→ **What to produce**
Transcribe the lines below exactly, beginning with the line that holds "- 〇ドア厚さ:3.5cm〜4.5cm バックセット穴:幅2.0×高2.8cm" and ending with the final line, both included. Pictures are to be left out.

→ **Data section**
◇ ◇ ◇ ◇ ◇

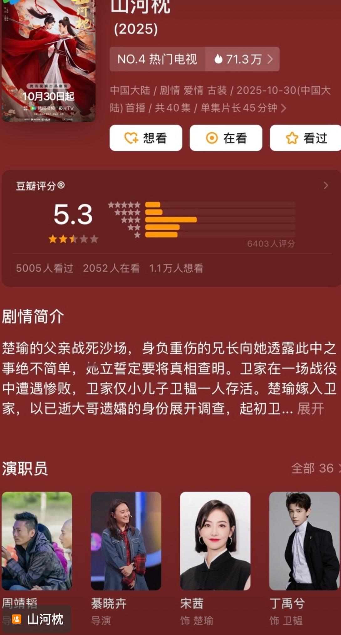 宋茜和丁禹兮主演的山河枕豆瓣开分5.3
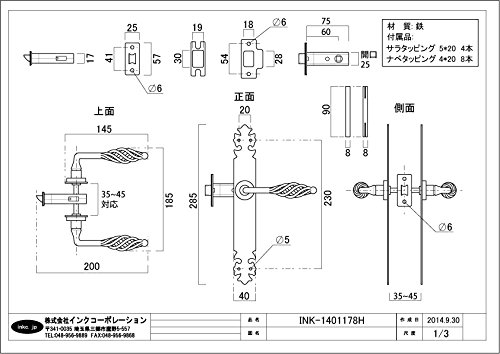 - 〇ドア厚さ:3.5cm〜4.5cm バックセット穴:幅2.0×高2.8cm
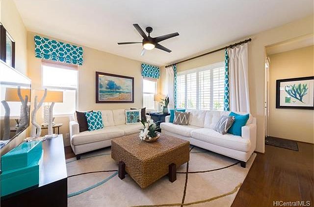 Gorgeous 4 bedrm 2.5 bath 2 car garage with covered lanai and fenced in yard model home in the gated community of Kipuka in Ocean Pointe. Conveniently near shops, schools, golf, and entertainment. Just a little over two years old, this home offers tons of benefits! A must see! Please call Evelyn C. Dayton, RA directly at 808-781-7959 for more information or to schedule a showing. Island Realty Group, LLC RS-62579 http tours.bluegingerstudios.com/818743?idx=1

◇ ◇ ◇ ◇ ◇

→ **Solution for this exercise**
 - 〇ドア厚さ:3.5cm〜4.5cm バックセット穴:幅2.0×高2.8cm
 Gorgeous 4 bedrm 2.5 bath 2 car garage with covered lanai and fenced in yard model home in the gated community of Kipuka in Ocean Pointe. Conveniently near shops, schools, golf, and entertainment. Just a little over two years old, this home offers tons of benefits! A must see! Please call Evelyn C. Dayton, RA directly at 808-781-7959 for more information or to schedule a showing. Island Realty Group, LLC RS-62579 http tours.bluegingerstudios.com/818743?idx=1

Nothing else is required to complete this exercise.